When exploring the Artificial Intelligence industry in Germany, several key considerations come into play. The country boasts a robust technological infrastructure and a strong focus on research and development, making it an attractive hub for AI innovation. Regulatory frameworks are significant, as the EU's General Data Protection Regulation (GDPR) shapes how companies handle data, thus influencing AI project implementation. Additionally, there is a growing emphasis on ethical AI, which includes transparency, accountability, and fairness in AI applications. Challenges within the industry include a shortage of skilled professionals and the need for continuous investment in training and development. However, opportunities abound, particularly in sectors such as automotive, healthcare, and manufacturing, where AI can enhance efficiency and drive innovation. The competitive landscape features a mix of established tech giants and emerging startups, creating a dynamic environment ripe for collaboration and partnership. Germany's strong emphasis on sustainability also aligns with global trends, prompting AI applications focused on environmental benefits. Overall, understanding these factors is crucial for anyone looking to engage with the AI sector in Germany.

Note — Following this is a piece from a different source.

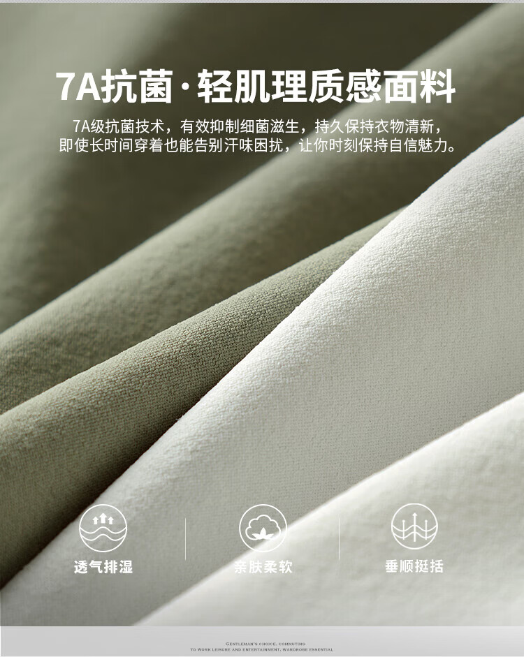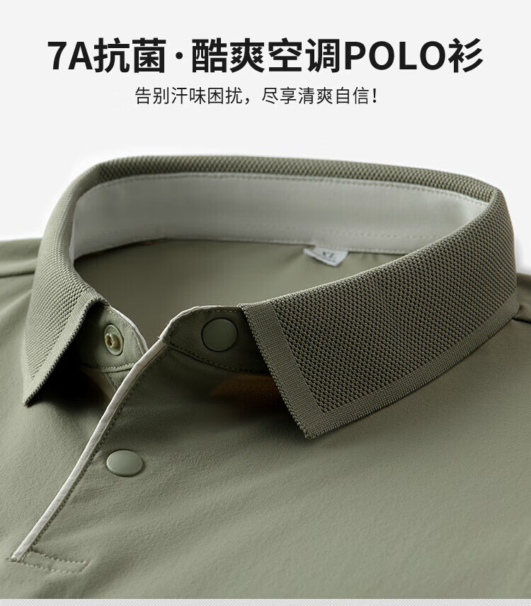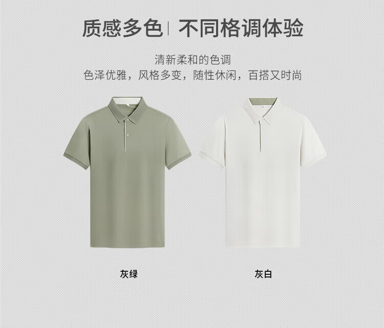 杉杉(FIRS)【7A抗菌】短袖T恤男夏提花透气亲肤商务休闲纯色轻薄polo领上衣 灰绿 M 170/88A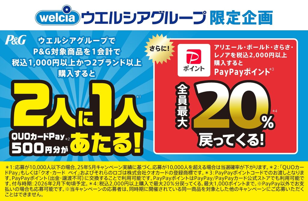 ウエルシアでP&G商品を1000円以上買うと、2人に1人、QUOカードPay500円分が当たる。アリエールなどを買うともれなく20%PayPayバック。~11/30。

Some interesting numbers and facts about your company results for Artificial Intelligence
Country with most fitting companies | Germany |
Amount of fitting manufacturers | 487 |
Amount of suitable service providers | 383 |
Average amount of employees | 1-10 |
Oldest suiting company | 2015 |
Youngest suiting company | 2019 |
Some interesting questions that has been asked about the results you have just received for Artificial Intelligence
What are related technologies to Artificial Intelligence?

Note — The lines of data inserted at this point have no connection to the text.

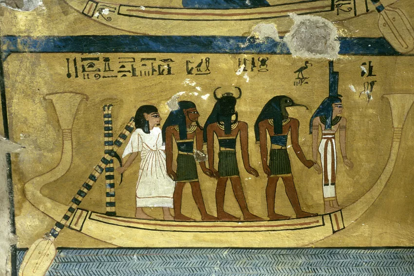 Les pleureuses font partie de l'entourage du défunt ou bien sont des professionnelles payées par la famille. Elles se doivent de crier, gémir ou scander des lamentations lors du transport de la dépouille, afin de rendre plus spectaculaire l’hommage au défunt. D’après les reliefs et peintures, l’attitude est toujours la même : elles lèvent les bras au ciel, et imitent en cela les déesses Isis et Nephtys, ainsi représentées près de la dépouille de leur frère et époux, le dieu du monde des morts Osiris. Sur cette peinture, on voit les larmes couler sur les joues des femmes aux cheveux défaits.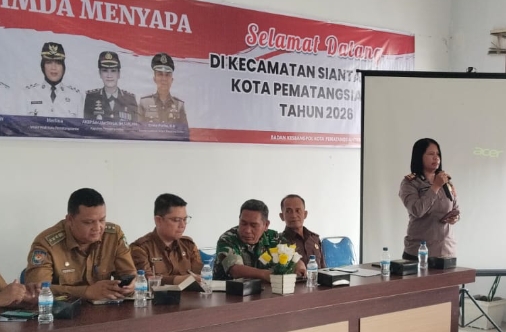 Kapolsek Siantar Utara AKP Jahrona Sinaga, SH, mewakili Kapolres Pematangsiantar AKBP Sah Udur T.M. Sitinjak, SH, SIK, MH, menghadiri kegiatan “Forkopimda Menyapa” yang digelar di Aula Kantor Kecamatan Siantar Utara, Jalan Patuan Anggi, Kelurahan Sukadame, Senin (30/3/2026) sekitar pukul 10.00 WIB.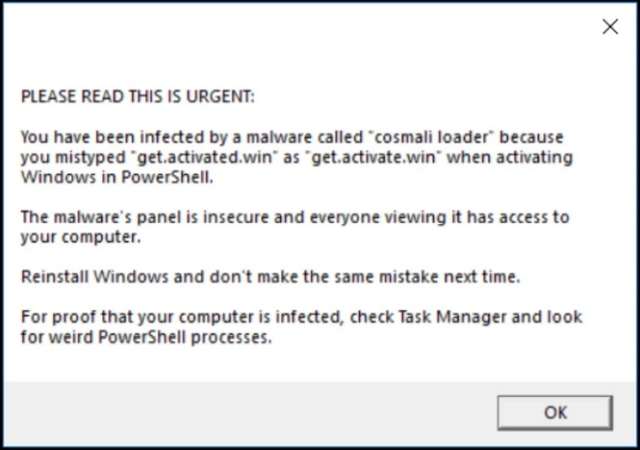 Non è chiaro chi ha inviato il messaggio. Probabilmente un ricercatore di sicurezza ha ottenuto l’accesso al pannello di controllo del malware e informato le vittime, consigliando di reinstallare Windows. Gli sviluppatori di MAS hanno confermato la campagna di typosquatting.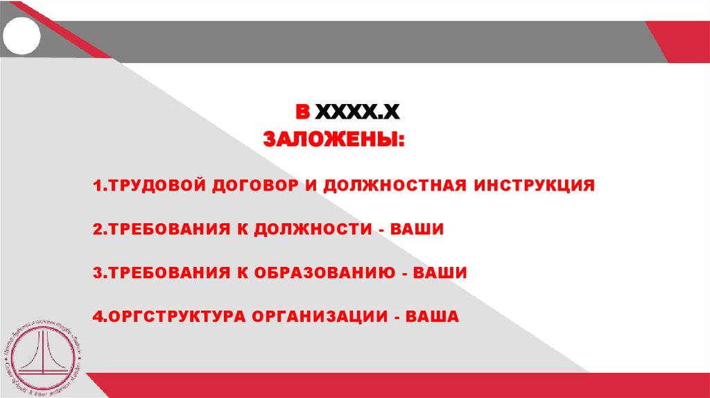 15. В ХХХХ.Х ЗАЛОЖЕНЫ: 1.ТРУДОВОЙ ДОГОВОР И ДОЛЖНОСТНАЯ ИНСТРУКЦИЯ 2.ТРЕБОВАНИЯ К ДОЛЖНОСТИ - ВАШИ 3.ТРЕБОВАНИЯ К ОБРАЗОВАНИЮ -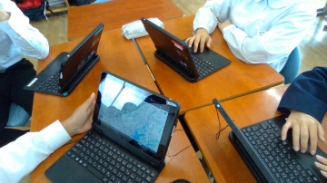 各々がタブレット端末を使って、昼食場所を調べたり、電車の時刻を調べたりしました。

Based on our calculations related technologies to Artificial Intelligence are Big Data, E-Health, Retail Tech, Artificial Intelligence & Machine Learning, E-Commerce
Which industries are mostly working on Artificial Intelligence?
The most represented industries which are working in Artificial Intelligence are IT, Software and Services, Other, Automation, Consulting, Marketing Services
How does ensun find these Artificial Intelligence Companies?
ensun uses an advanced search and ranking system capable of sifting through millions of companies and hundreds of millions of products and services to identify suitable matches. This is achieved by leveraging cutting-edge technologies, including Artificial Intelligence.